Ed Department: Half of community college students need remedial classes


ED introduced the Trade Adjustment Assistance Community College and Career Training (TAACCCT) Grants Program on Jan. 20, inviting community colleges—and other two-year degree-granting institutions—to apply for up to $5 million per institution, or up to $20 million to applicants who apply for funds in a consortium of schools.

ED will dole out about $500 million in 2011, and $2 billion will be distributed in the next four years overall, according to the announcement.

“These funds will support programs that use proven or innovative strategies to prepare students for high-demand careers,” Biden said.

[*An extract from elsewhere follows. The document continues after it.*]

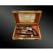 Coffret d’origine en noyer, vissé et plaque de laiton sur le dessus. Verrouillage par crochés pivotants ; serrure avec sa clé. L’intérieur est garni de feutre rouge, avec sous le couvercle la notice appliquée.
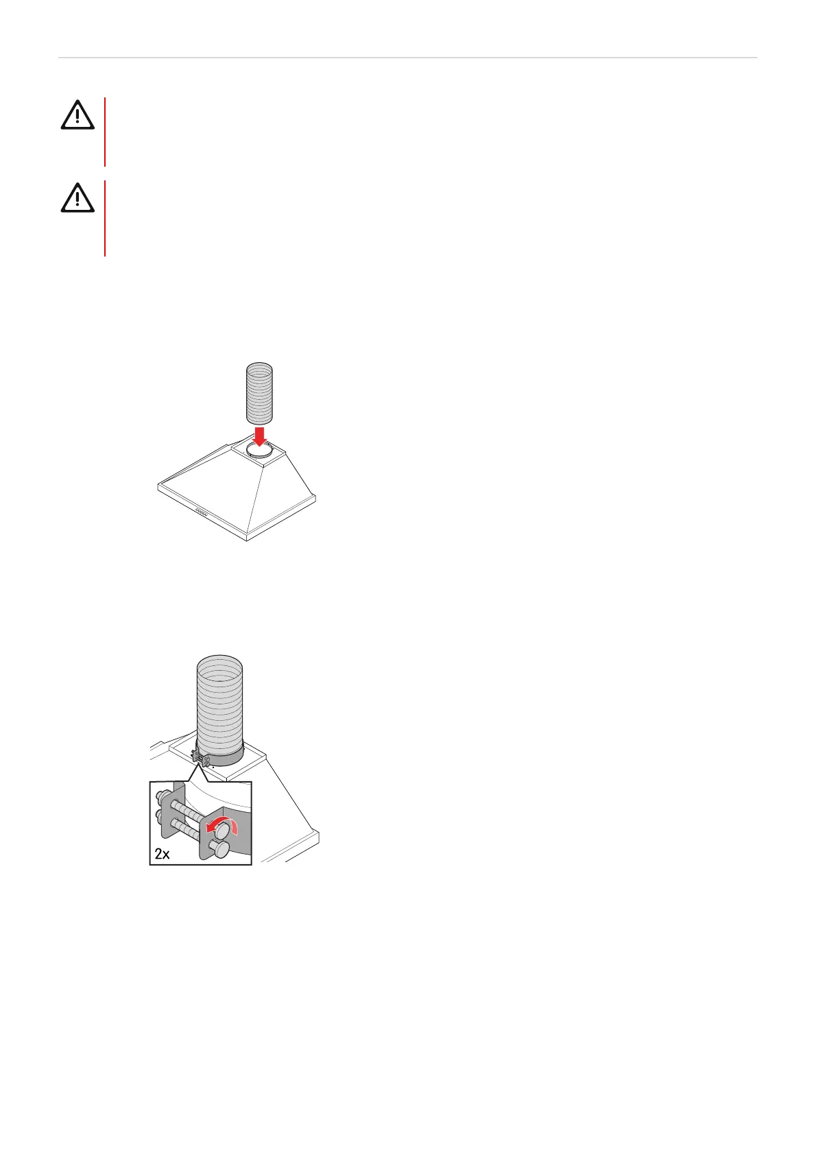 ADVARSEL! Monter luftutslippskanalen med et lite fall (1° vinkling) fra kjøkkenvifta. Det er fare for skade på

The Obama administration in October invited more than 100 community college decision makers to the White House’s first-ever Summit on Community Colleges, where top federal officials lauded two-year colleges as a bridge to jobs and four-year universities, and a way to lead the world in college graduates by 2020.

Education analysts said last year that the expansion of online classes at two-year colleges would be key in increasing community college enrollment.

Distance-learning enrollment in American community colleges jumped by 22 percent during the 2008-09 academic year, an increase fueled in part by an influx of nontraditional students who require the flexibility of online courses, according to a survey conducted by the Instructional Technology Council (ITC).

The ITC, which is affiliated with the American Association of Community Colleges (AACC), collected 226 responses from community colleges in its annual survey, “Trends in eLearning: Tracking the Impact of eLearning at Community Colleges,” which revealed the 2008-09 increase in online enrollment. Last year’s ITC survey reported an 11-percent uptick in web-based class enrollment at community colleges.